Her children were born in 2012 and 2015 and Lujain, like all earnest young mothers, read books — albeit English ones — about raising kids. “I applied all the advice in the same language I read them in,” she says. “I didn’t notice it as it happened, but as the kids got older, I noticed that they weren’t speaking Arabic. My Arabic is not that great, but there was still a huge difference between our proficiency levels in the language.”

“But later, I realised that it wasn’t just my kids and that it was an actual problem across the Arab society,” she continues. “Our kids attend international schools and consume English content. I’m not saying that they shouldn’t learn English — I’d love for my kids to learn English, French, Mandarin and as many languages as possible, but it’s so essential for them to know their language. And I know that many people feel the same way, especially since many Arabs migrate to Europe and the US.”

Introducing Arabic to kids

Lujain wanted to work on a project that would address the issue and fix it. While researching and getting in touch with people, she realised that it was a serious problem faced by Arab parents across the globe. “We joined Facebook groups and spoke to parents and educators about their struggles in teaching Arabic and what sort of resources and support they would like to have. They also shared their journeys and how they tackle it in their own way.”

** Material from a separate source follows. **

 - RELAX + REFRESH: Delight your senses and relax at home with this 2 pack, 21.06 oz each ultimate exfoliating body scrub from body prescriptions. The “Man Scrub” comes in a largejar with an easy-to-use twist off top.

“We also sat and interviewed people who spoke to us about the shame they face because their kids don’t know Arabic. Or, how others shame their kids for not knowing the language,” she continues. “We realised that all this is a part of a bigger narrative about embracing people and accepting that there are many different levels of Arabic.”

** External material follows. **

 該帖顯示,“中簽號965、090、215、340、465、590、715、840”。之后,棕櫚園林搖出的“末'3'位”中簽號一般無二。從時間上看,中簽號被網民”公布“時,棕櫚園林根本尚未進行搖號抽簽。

Under Akwan, she launched pop-up events at the Dubai Design Week and Saudi Design Week in 2019. At the event, she fashioned life-sized playgrounds made of the Arabic alphabet. “You could climb up a letter and slide down another. I designed it to accommodate adults too, and not just kids,” she says. The idea was to invite people to have fun with the language, while also calling professionals across different industries to collaborate and contribute to this giant effort to focus on the language.

Lujain also wanted to launch Takween, an idea that was nearly six years in the making, in 2020 but then the Covid-19 pandemic hit the world. “I was also very self-conscious and wondered, ‘What if no one buys them? What if my house gets filled with boxes of unwanted toys?’. So I did more research and when we had a working prototype, I went to Arabic classrooms in schools and got the teachers’ and students’ feedback. We tweaked the design a couple of times.”

In September 2021, she launched two crowdfunding campaigns on Kickstarter and Dubai Next. “I wanted to make sure that there was a market for it,” she explains. “The campaign was successfully funded at 383% and 134% respectively. I was astonished — we’d met our goal in less than three hours! I was crying — I thought no one would be interested and that it would take much longer for us to hit our target!”

In the first week of March this year, the team shipped the pre-orders and by the second week, they were ready to take new orders. “Less than two months later, and with Allah’s blessings, we almost sold out the first edition of Takween,” she says. “It proves that people care about Arabic and want beautifully designed products befitting our beautiful language.”

A chunk of her customers are Arabs from the GCC, although she does occasionally get orders from the US and Europe as well. A few of them are expats as well. “There are also non-Arab Muslims in countries like Singapore and Malaysia. Currently, we’re developing Takween Words Set, which works as an extension kit and allows children to form Arabic words. It’s a bit trickier to create because Arabic letters look very different depending on where they sit in a word.”

“This is just the beginning — there’s so much more I want to do,” she continues. “I don’t think the toy is enough because I want something that will encourage children to love Arabic throughout their lives. It feels so good when someone sends me a picture of their kid, saying they want to sit and play with Arabic letters. This shows they’re forming a loving and healthy relationship with the language.”

Lujain describes her desire to solve the problem as a ‘yearning’. “It feels like a calling,” she smiles.